(Data entries)
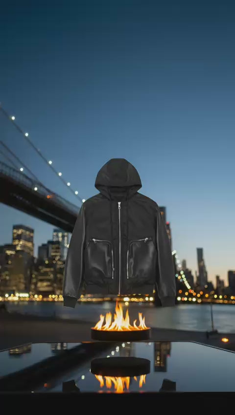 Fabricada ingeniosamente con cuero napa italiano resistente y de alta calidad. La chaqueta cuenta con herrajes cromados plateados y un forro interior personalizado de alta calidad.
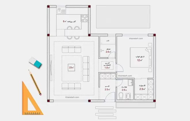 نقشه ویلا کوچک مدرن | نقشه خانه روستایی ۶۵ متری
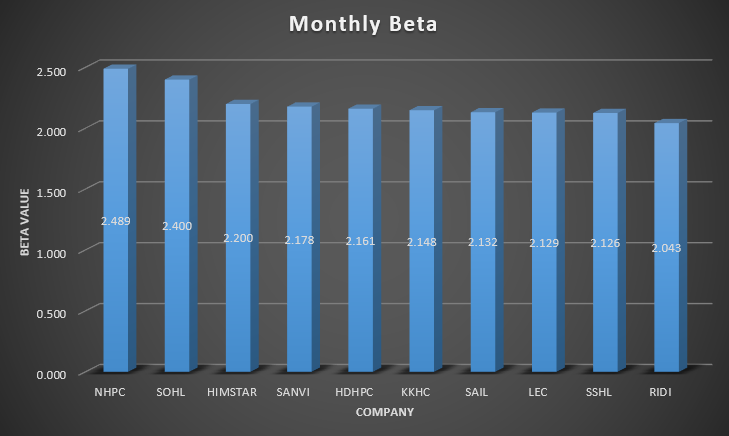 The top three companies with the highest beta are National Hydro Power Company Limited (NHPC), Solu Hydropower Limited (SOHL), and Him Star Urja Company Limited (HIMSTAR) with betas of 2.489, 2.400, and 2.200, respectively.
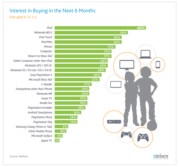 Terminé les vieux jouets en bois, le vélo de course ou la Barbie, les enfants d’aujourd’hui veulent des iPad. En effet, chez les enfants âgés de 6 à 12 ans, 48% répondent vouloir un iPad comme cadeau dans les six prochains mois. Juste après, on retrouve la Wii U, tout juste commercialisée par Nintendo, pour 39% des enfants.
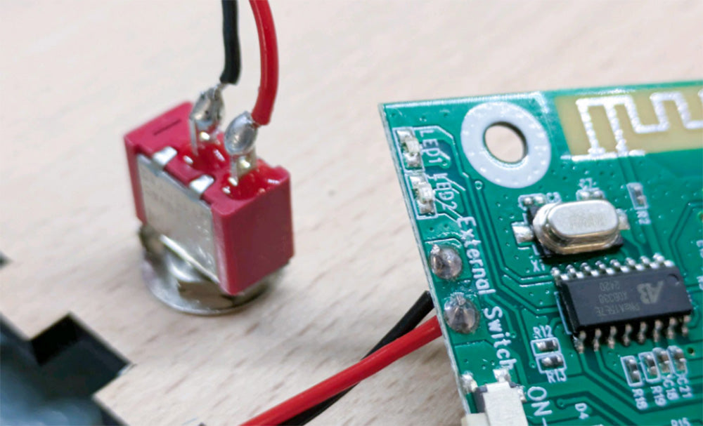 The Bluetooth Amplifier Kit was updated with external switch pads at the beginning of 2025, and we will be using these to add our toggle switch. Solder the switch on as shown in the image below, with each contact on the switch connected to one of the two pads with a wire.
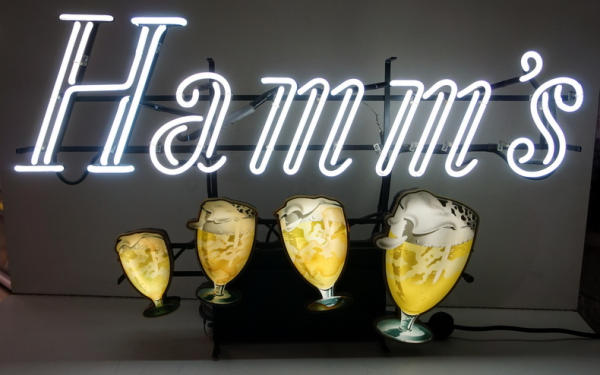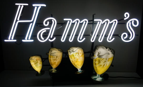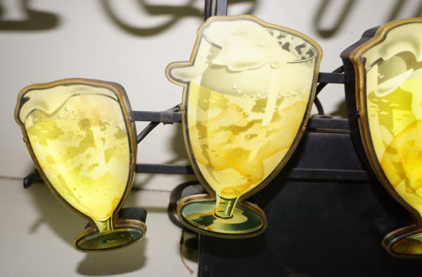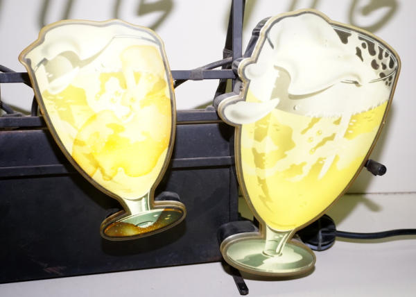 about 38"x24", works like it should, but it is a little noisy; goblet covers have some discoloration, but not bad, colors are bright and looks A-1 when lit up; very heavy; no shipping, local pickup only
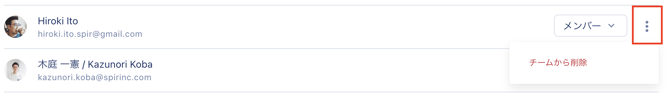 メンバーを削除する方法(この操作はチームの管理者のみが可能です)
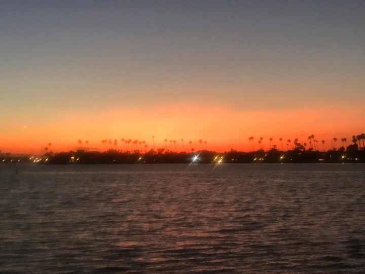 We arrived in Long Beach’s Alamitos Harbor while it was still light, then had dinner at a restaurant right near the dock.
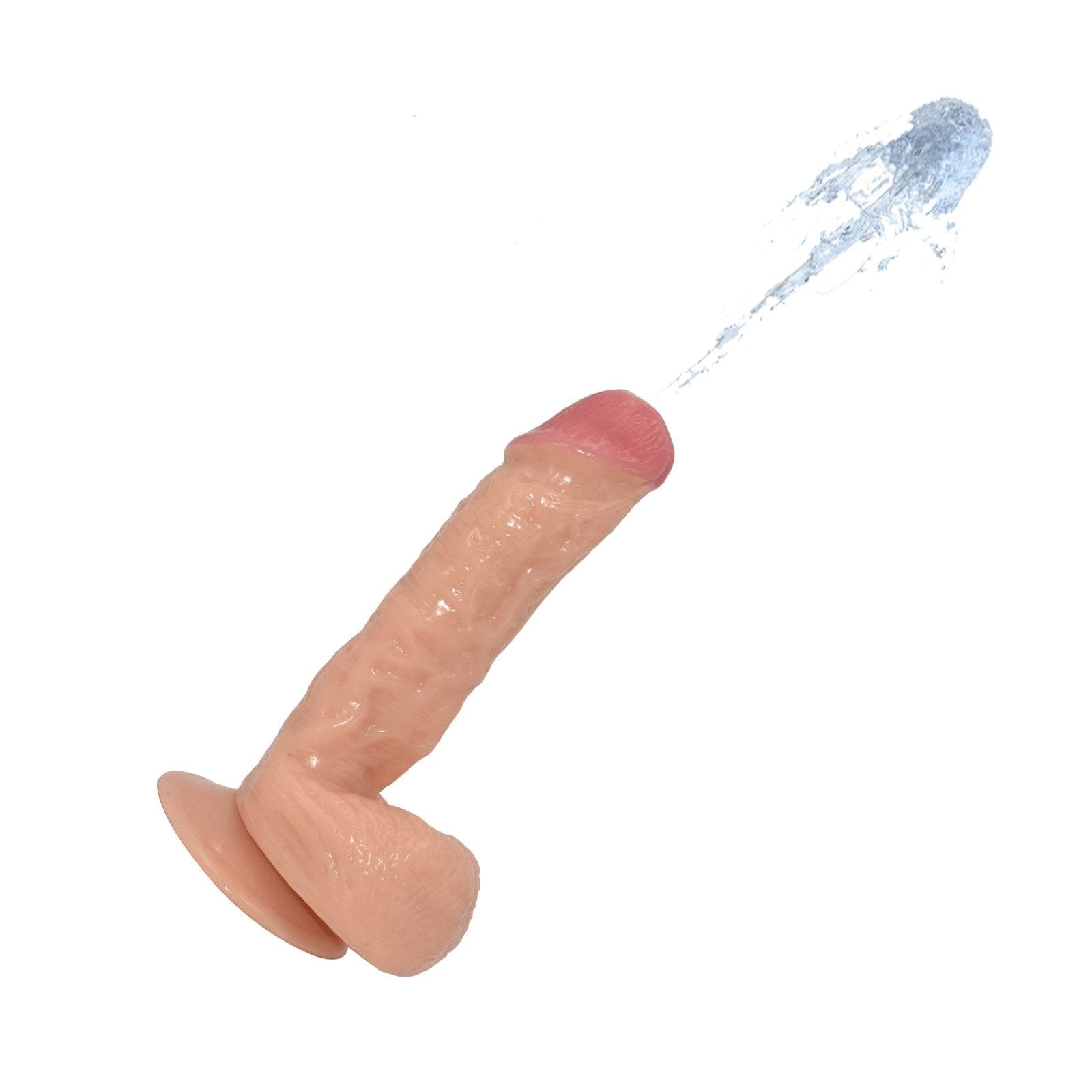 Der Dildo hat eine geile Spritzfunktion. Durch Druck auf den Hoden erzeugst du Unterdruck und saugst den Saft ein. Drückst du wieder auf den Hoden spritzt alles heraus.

## Work item
Only the lines from the one containing "نقشه ویلا کوچک" through the final line of the records should be retyped, exactly, with every picture omitted.

## Final answer
 نقشه ویلا کوچک مدرن | نقشه خانه روستایی ۶۵ متری
 The top three companies with the highest beta are National Hydro Power Company Limited (NHPC), Solu Hydropower Limited (SOHL), and Him Star Urja Company Limited (HIMSTAR) with betas of 2.489, 2.400, and 2.200, respectively.
 Terminé les vieux jouets en bois, le vélo de course ou la Barbie, les enfants d’aujourd’hui veulent des iPad. En effet, chez les enfants âgés de 6 à 12 ans, 48% répondent vouloir un iPad comme cadeau dans les six prochains mois. Juste après, on retrouve la Wii U, tout juste commercialisée par Nintendo, pour 39% des enfants.
 The Bluetooth Amplifier Kit was updated with external switch pads at the beginning of 2025, and we will be using these to add our toggle switch. Solder the switch on as shown in the image below, with each contact on the switch connected to one of the two pads with a wire.
 about 38"x24", works like it should, but it is a little noisy; goblet covers have some discoloration, but not bad, colors are bright and looks A-1 when lit up; very heavy; no shipping, local pickup only
 メンバーを削除する方法(この操作はチームの管理者のみが可能です)
 We arrived in Long Beach’s Alamitos Harbor while it was still light, then had dinner at a restaurant right near the dock.
 Der Dildo hat eine geile Spritzfunktion. Durch Druck auf den Hoden erzeugst du Unterdruck und saugst den Saft ein. Drückst du wieder auf den Hoden spritzt alles heraus.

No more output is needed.